Data items
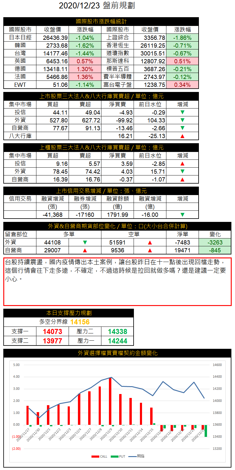 台股昨日先低後高,這邊走勢在計畫內,不過中午過後因為疫情傳出本土案例之後,行情急速的回檔修正,偉盤跌幅擴大,台股下跌1.44%,這樣的跌勢會到哪邊呢?由於本月開倉的逆價差一直很大,多少也給多方帶來一點緩衝的力道,今天開盤後也許還有下行的空間,可議注意回檔的過程中,找尋多方切入位置,做今天的結算行情,和本周五的耶誕操作。
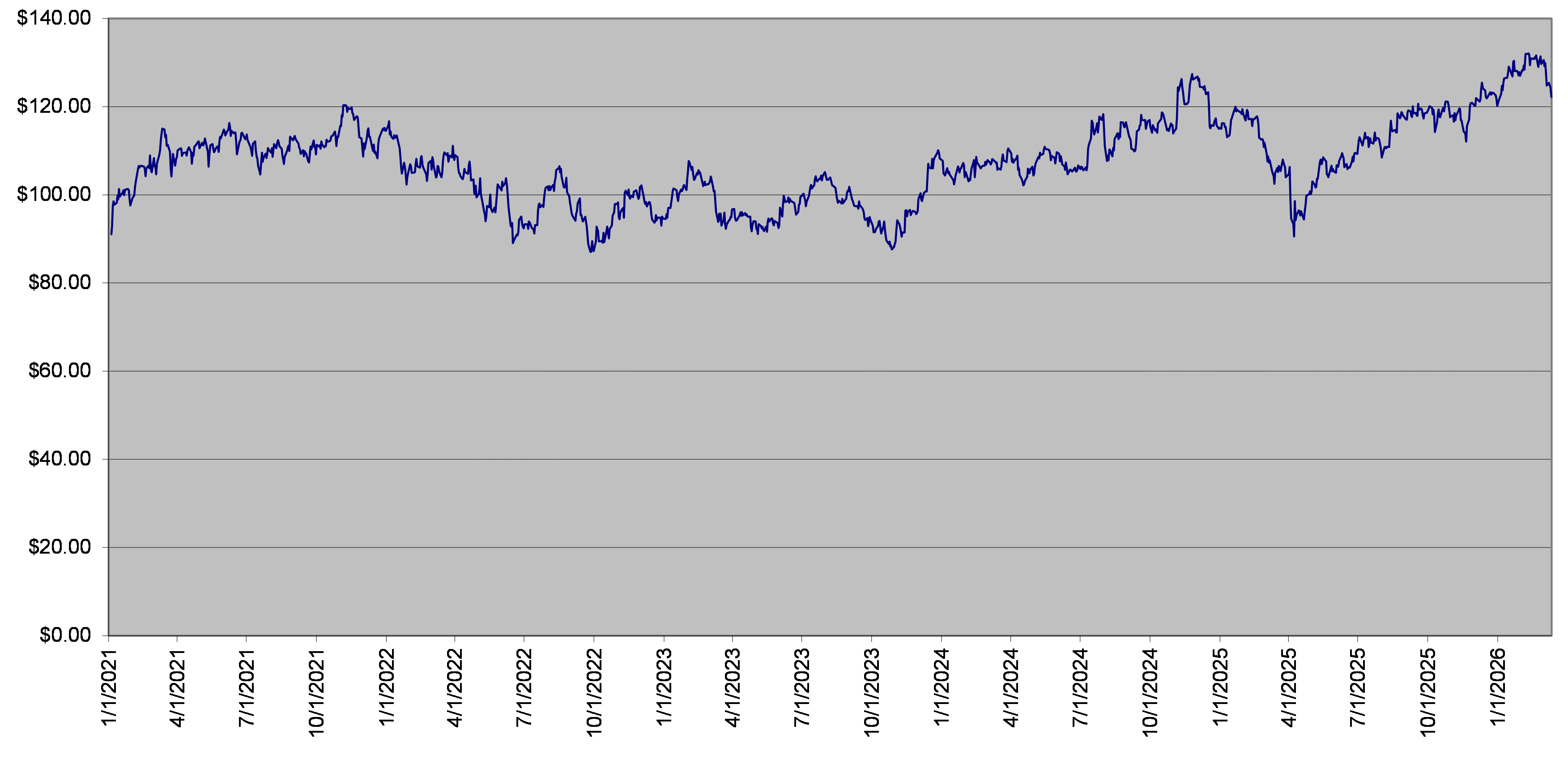 The closing level of the IJR Fund on March 12, 2026 was $122.20. The following graph sets forth the daily closing levels of the underlier for the period noted below. We obtained the historical information presented in this document from Bloomberg Financial Markets, without independent verification. The underlier has at times experienced periods of high volatility. You should not take the historical closing levels of the underlier as an indication of its future performance, and no assurance can be given as to the closing level of the underlier at any time.
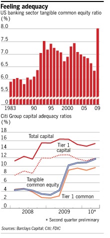Según Lex, para los inversionistas lo importante para ver la solidez de un banco son las reservas de nivel 1 depuradas. Indirectamente, el valor de las acciones a menudo incluye goodwill e intangibles. Se debería eliminar el valor de los intangibles y goodwill, ya que en caso de crisis no valen mucho. Las acciones preferentes se deberían incorporar solo si la deuda asociada no es exigible. En todo caso, los reguladores bancarios todavía no tienen una doctrina clara en este tema, por lo que los inversionistas deben tomar precauciones al evaluar el apalancamiento de un banco. La siguiente figura del Financial Times muestra la evolución del capital bancario del sector bancario y de Citi.
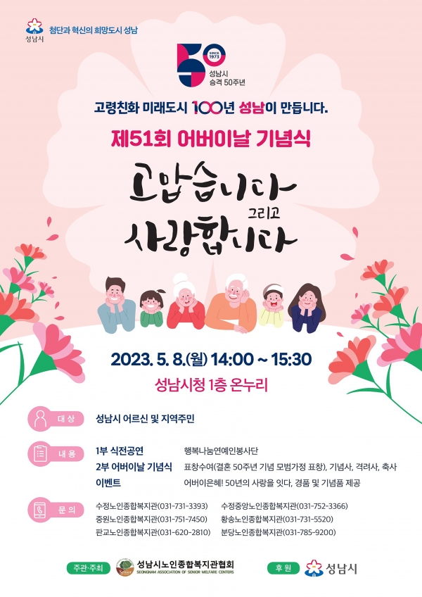 성남시, 시 승격 50주년 기념 ‘어버이날 행사’ 연다
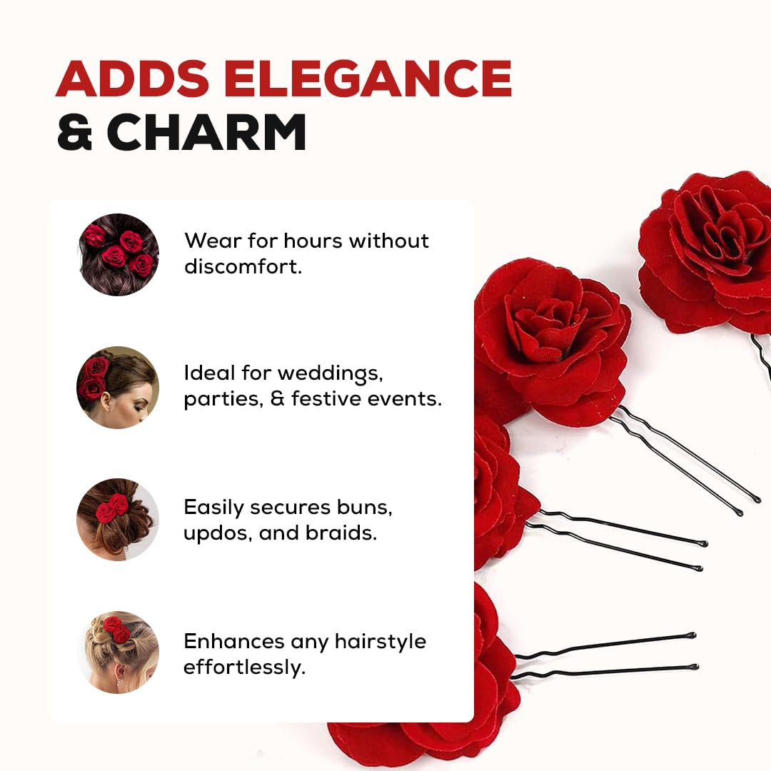 [𝐒𝐓𝐘𝐋𝐈𝐒𝐇 & 𝐄𝐋𝐄𝐆𝐀𝐍𝐓 𝐃𝐄𝐒𝐈𝐆𝐍]: Multibrite small red rose design is perfect for women who want to add a romantic and sophisticated touch to their hairstyle. Whether you’re attending a wedding, a party, or just styling your hair for a casual day, this accessory will elevate your look with ease.
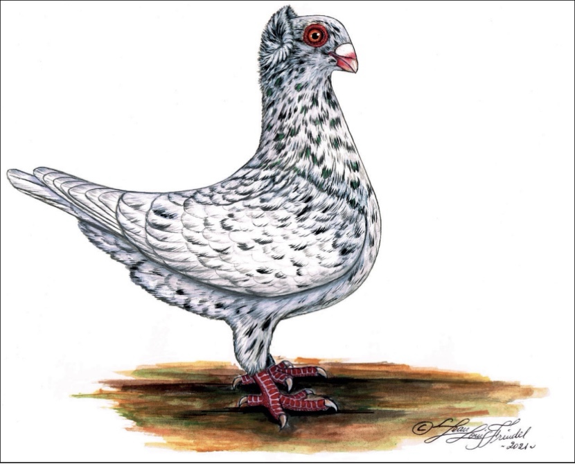 Ovviamente se si confrontano queste due immagini con il disegno dello standard attuale la differenza è evidente, ma non dobbiamo dimenticare che questi disegni storici affondano in una passato di oltre 600 anni, tempo durante il quale volatili come i colombi hanno subito, soprattutto per mano dell’uomo, moltissime variazioni, anche sostanziali. Il ciuffo, il becco e la forma sono comunque elementi che sembrano un filo comune che lega nel tempo passato e presente.
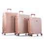 Edge is a fashionable, modern luggage made from polycarbonate composite, a lightweight yet durable and impact-resistant material that's also used in the making of bulletproof glass! All sizes nest together into the 30-inch piece, making the luggage space-saving for convenient storage when not travelling. The elegant exterior features colour-matching trim on the handles, corners, wheels, zippers and lock, and protective metal corner guards to help deflect impacts. Its lightweight, telescopic trolley handle system is made from aircraft-grade aluminum and can be locked in at varying heights at the push of a button for just the right comfort, and its eight smooth and durable 360-degree spinner wheels carry the weight safely while allowing for effortless motion on any terrain. A zipper-released expansion system allows for an extra 20 percent in packing capacity, and a built-in, flush-mounted TSA combination lock helps with safe and secure travel. The stylish, fully-lined interior is laid out in a convenient 50/50 split, with buckled compression straps, multiple zippered pockets, and a built-in zippered divider for compact and organized packing.
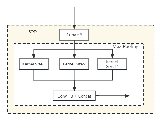 Inspired by SPP, this paper optimizes SPP accordingly, and the improved SPP is shown in the figure figure 3. In this case, three pooling layers, each with a step size of 5 × 5, 9 × 9 and 13 × 13, were used to maximize their input features. The three local features of the different scales were also obtained. The network’s detection accuracy is enhanced by stacking the various local features with the global input features. A richer feature table is also created to help improve the network’s performance.
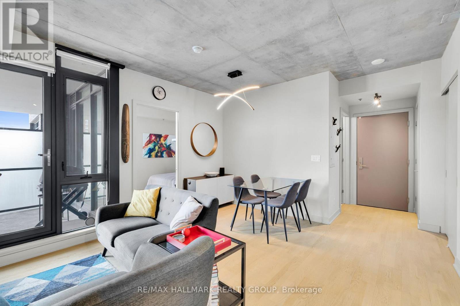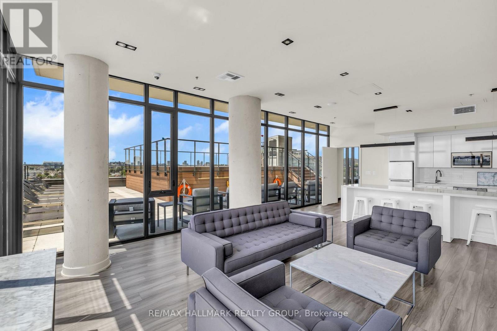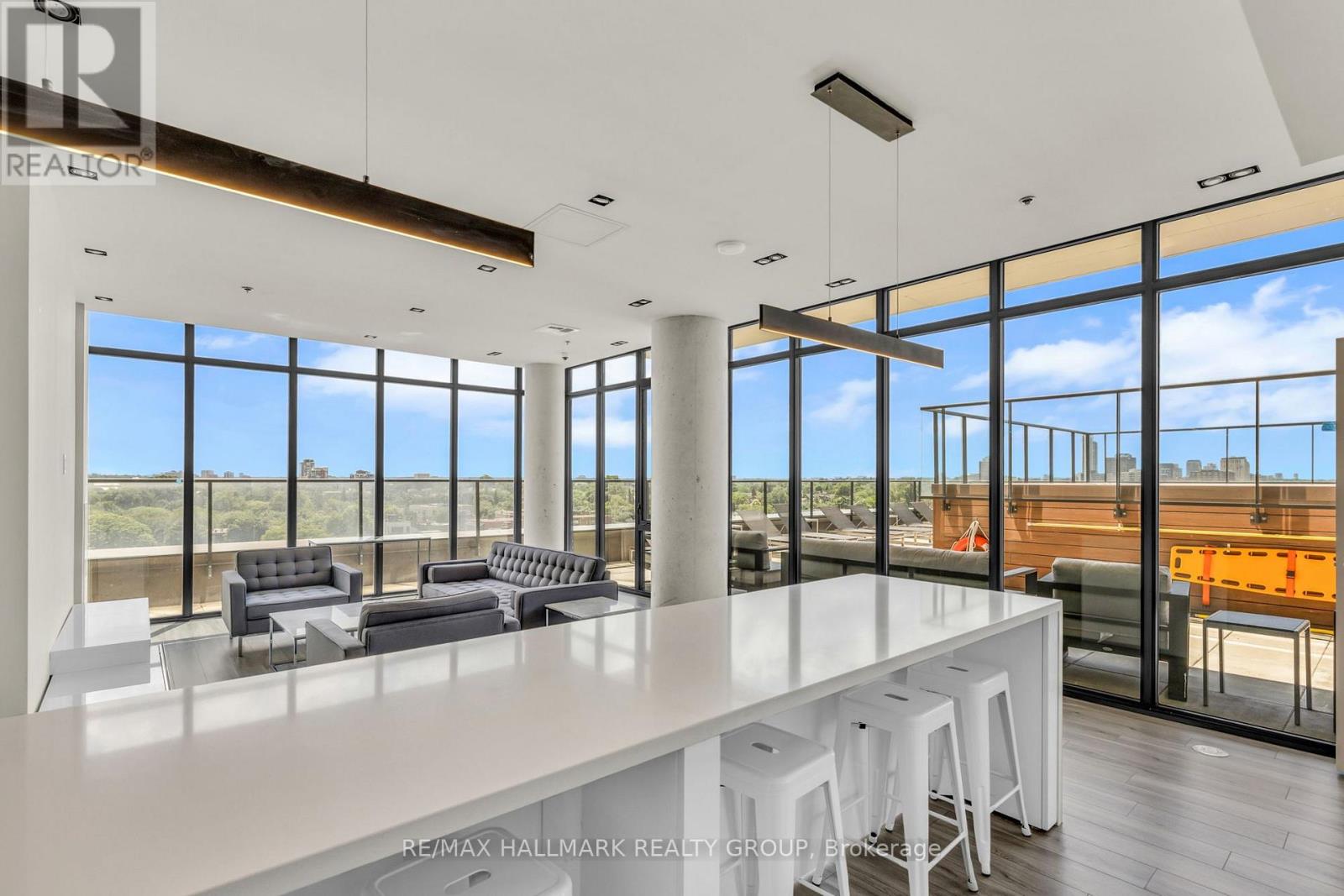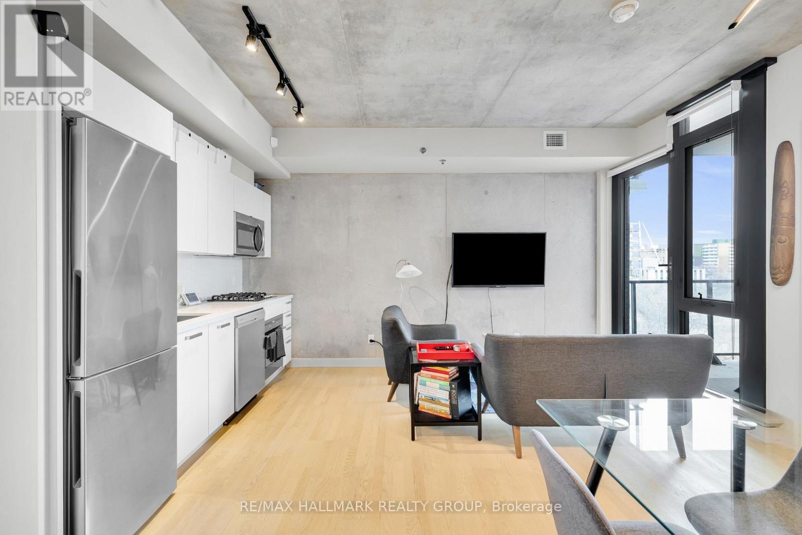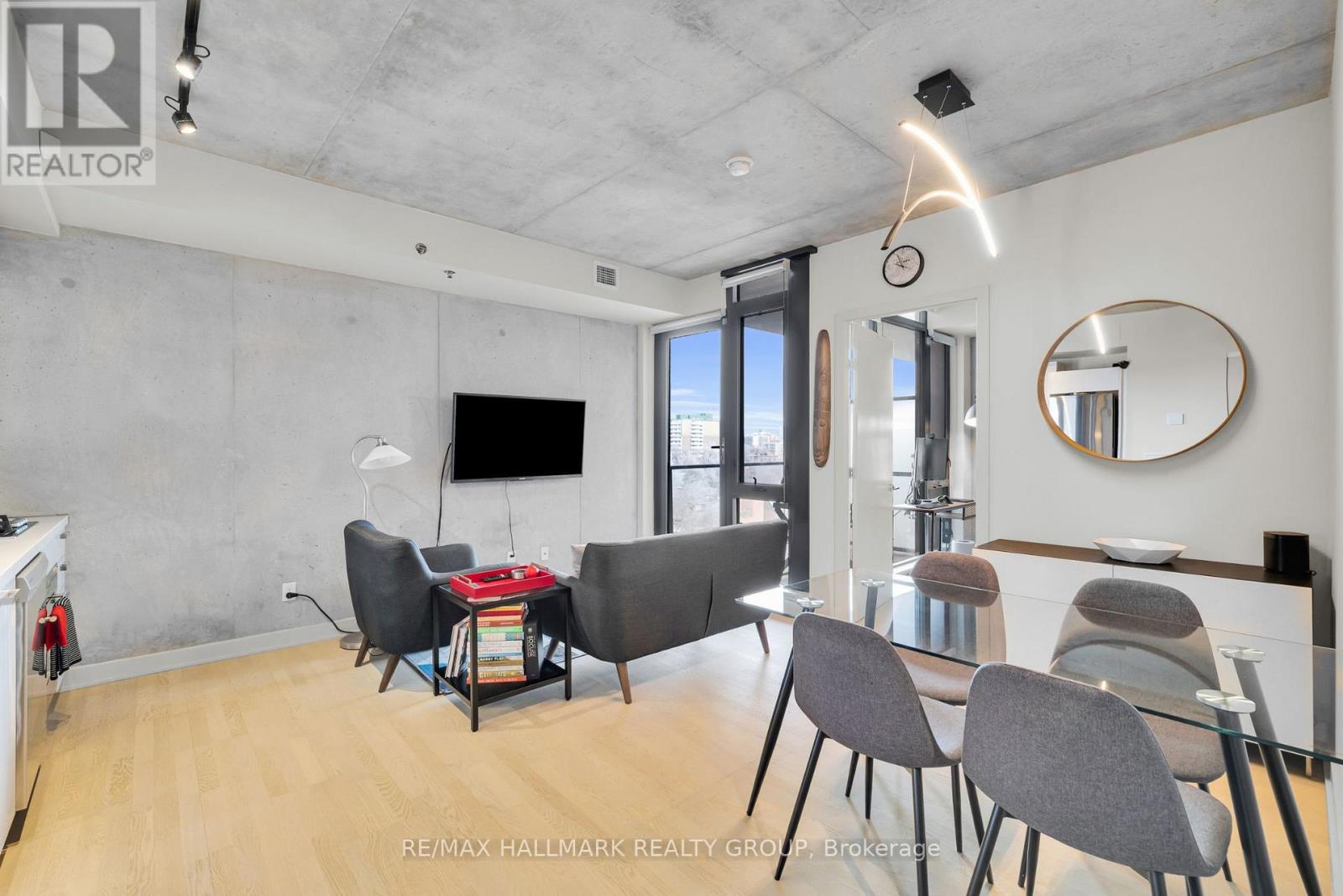 Modern 1-bedroom condo with parking and storage locker in the iconic SOBA building in Centretown, featuring floor-to-ceiling windows, exposed concrete ceilings and walls, sleek contemporary finishes, and access to luxury amenities including an outdoor pool and concierge, all steps from Bank Street, Lansdowne, and the Rideau Canal.This bright open-concept unit showcases the modern industrial design SOBA is known for, with expansive windows that fill the space with natural light and highlight the clean architectural lines throughout. The stylish kitchen features stone countertops, stainless steel appliances, and modern cabinetry, flowing seamlessly into the living and dining area for comfortable everyday living or entertaining.The bedroom provides generous storage and privacy within the smart urban layout. Enjoy the convenience of in-unit laundry, and a private balcony, perfect for relaxing in the heart of downtown.Residents enjoy premium building amenities including concierge service, a fully equipped gym, pool and terrace, spa pool, and sky garden party room.Located at the corner of Catherine and Bank, this unbeatable location places you steps from Ottawa's best restaurants, cafés, shops, Lansdowne Park, and scenic Rideau Canal pathways, with quick access to Highway 417 and excellent transit connections.An outstanding opportunity for professionals, first-time buyers, or investors seeking modern downtown living in one of Ottawa's most recognizable condo buildings. (id:31145)
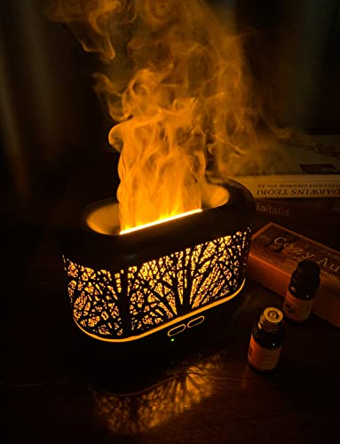 Sicuro da Usare: Diffusore di aromi di fiamma metallica ha un serbatoio dell'acqua da 200 ML, un riempimento d'acqua può essere utilizzato continuamente per 15 ore, molto conveniente. Attraverso la luce e la nebbia. Diffusore di Oli Essenziali Ultrasuoni è perfetto per il soggiorno, l'ufficio, il salone di bellezza, la camera da letto, lo yoga o il viaggio.
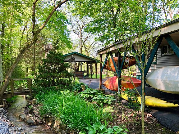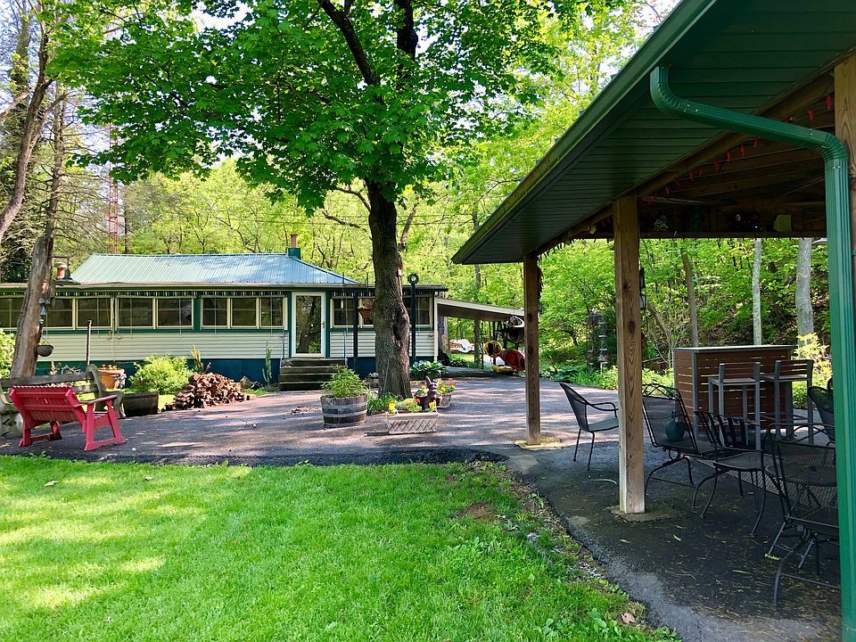 Truly a one of a kind property! Enjoy the Conodoquinet Creek from the comfort of the pavilion or from the only full-length dock on this stretch of "deep" water. You have front row waterfront seats to watch the egret meander by each evening and listen to the frogs at night. The solid concrete dock makes swimming, fishing, and boating easy and fun! The stream trickling down the side of the property offers the quiet babbling of a calming fountain as you sit in the pavilion. This simple, yet cozy, 880 sq. ft. cabin---plus an additional 400 sq. ft. sunporch---has everything you need in a cabin on the water. Three bedrooms, one renovated bathroom with new shower, vanity, and toilet, and a renovated kitchen with new cabinets, countertops, and water filtration system. The tin roof, vinyl siding, vinyl windows, and PEX plumbing, make it maintenance free. The garage is perfect for storage. Currently used three seasons per year, this is the perfect property for relaxing, swimming, boating, fishing, bird watching, and entertaining.

### What to produce
Nothing but an exact copy is asked for: the lines from the start of the records through the line with "The closing level of the IJR", both ends included, minus any pictures.

### The answer
 台股昨日先低後高,這邊走勢在計畫內,不過中午過後因為疫情傳出本土案例之後,行情急速的回檔修正,偉盤跌幅擴大,台股下跌1.44%,這樣的跌勢會到哪邊呢?由於本月開倉的逆價差一直很大,多少也給多方帶來一點緩衝的力道,今天開盤後也許還有下行的空間,可議注意回檔的過程中,找尋多方切入位置,做今天的結算行情,和本周五的耶誕操作。
 The closing level of the IJR Fund on March 12, 2026 was $122.20. The following graph sets forth the daily closing levels of the underlier for the period noted below. We obtained the historical information presented in this document from Bloomberg Financial Markets, without independent verification. The underlier has at times experienced periods of high volatility. You should not take the historical closing levels of the underlier as an indication of its future performance, and no assurance can be given as to the closing level of the underlier at any time.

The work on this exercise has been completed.